Section 2 — 209(a) of the Code of Civil Procedure refers to the “transaction of any business within this State” whether done “in person or through an agent,” and the section subjects the person to the jurisdiction of the Illinois courts for causes of action “arising from” such transaction of business. The cause of action here arose from the contract between the parties and plaintiff’s subsequent obtaining of the loan commitment. The complaint indicates that the activities of plaintiff in Illinois in sending out letters and documents and making phone calls included plaintiff’s correspondence with Travelers Insurance Company, which issued the commitment and made the loan. Thus, plaintiff transacted business in Illinois, which gave rise to the cause of action which is the subject of this suit.

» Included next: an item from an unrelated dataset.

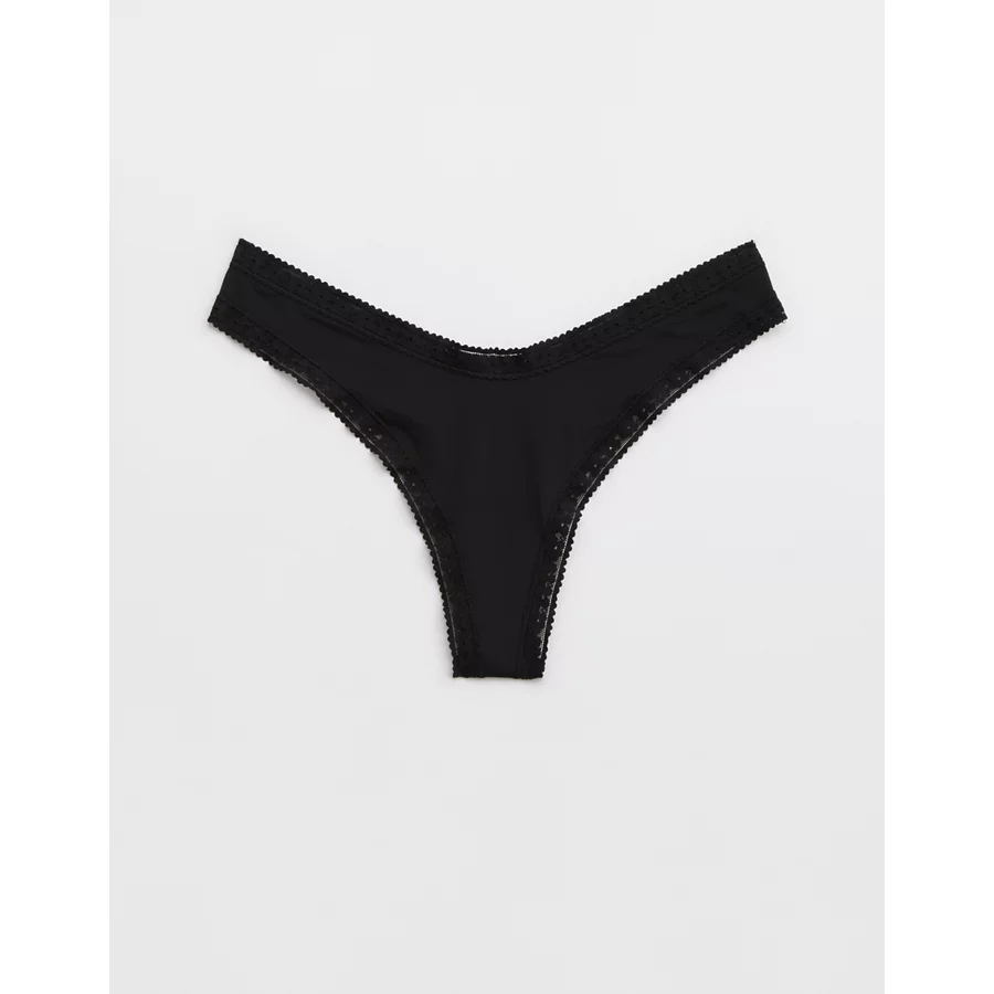 SMOOTHEZ Microfiber Lace Thong Underwear – True Black

As plaintiff was acting as an agent on behalf of defendants in transacting the foregoing business within this State, his transaction of that business would seem to be the transaction of business by defendants. The trial court concluded that such reasoning “would distort the meaning of the statute,” because plaintiff “was not their agent for the purpose of submitting to the jurisdiction of the State.” We recognize that the question is complicated but we cannot agree with the trial court. For an agent to submit his principal to the jurisdiction of the courts of this State under the provisions of section 2 — 209(a), the agent need have neither express nor implied authority from the principal to do so. Rather, the agent must have the express or implied authority of the principal to perform the acts which give rise to the submission to the jurisdiction. Here, the record indicates that defendants would have anticipated that plaintiff would be likely to contact lenders by telephone or mail from his office in Illinois and impliedly consented that he do so. If express or implied authority to the agent to submit the principal to the jurisdiction of our courts was required, most principals would expressly deny that authority to their agents and thus prevent the operation of section 2 — 209(a) except when they personally transacted business within the State.

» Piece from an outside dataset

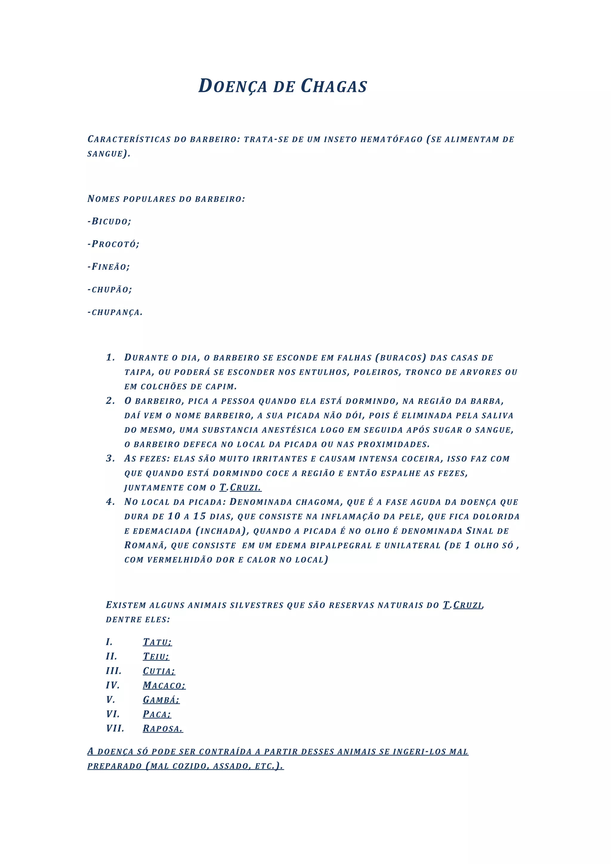 O documento descreve as características e formas de transmissão da doença de Chagas, causada pelo parasita Trypanosoma cruzi. O parasita é transmitido através das fezes do barbeiro hematófago durante o seu banquete noturno. A doença pode também ser transmitida através de transfusões sanguíneas, transplantes e da mãe para o feto durante a gravidez.

If the “transaction of business” test was met here, the minimum contacts test was clearly met.

It is important to note that the “long arm” jurisdiction which is obtained over a defendant as to a “cause of action arising from *** [t]he transaction of any business within this State” under the terms of section 2 — 209(a) of the Code of Civil Procedure differs from the jurisdiction obtained over a foreign corporation by virtue of its “doing business” in the State as developed by case law (see Cook Associates, Inc. v. Lexington United Corp. (1981), 87 Ill. 2d 190, 200, 730 N.E.2d 847, 851) under the “doing business” doctrine. Under the latter doctrine, mere “solicitation by employees who have only authority to solicit” is insufficient to confer jurisdiction and a certain permanency in the activity is required. (Cook Associates, Inc. v. Lexington United Corp. (1981), 87 Ill. 2d 190, 201, 203, 730 N.E.2d 847, 851, 853.) No such limitations have been placed on the “transaction of any business” requirement of section 2 — 209(a).

Accordingly, we reverse the judgment quashing the summons and remand to the circuit court of Coles County for further proceedings.

Reversed and remanded.

WEBBER, J., concurs.

JUSTICE TRAPP,

dissenting:

I would affirm the trial court. The opinion agrees that this purported contract was entirely made in Indiana and that the loan was to be made in Indiana pursuant to Indiana law.

The theory of a broker form of agency is strained, for the plaintiff could not execute any contract for the loan, and could not commit the defendant to make or complete the loan. The record shows that the defendant did not have any business contact in Illinois, and that the agreement between plaintiff and defendant did not contemplate that defendant would ever have business activity in Hlinois. Plaintiff could only solicit loan commitments.

In Cook Associates, Inc. v. Lexington United Corp. (1981), 87 Ill. 2d 190, 429 N.E.2d 847, the supreme court expressly rejected the view, here adopted by the majority, that an executive search organization’s activities in Hlinois brought a Massachusetts corporation within the jurisdiction of this State. See also Colnar v. Baldknobbers, Inc. (1982), 107 Ill. App. 3d 234, 437 N.E.2d 718.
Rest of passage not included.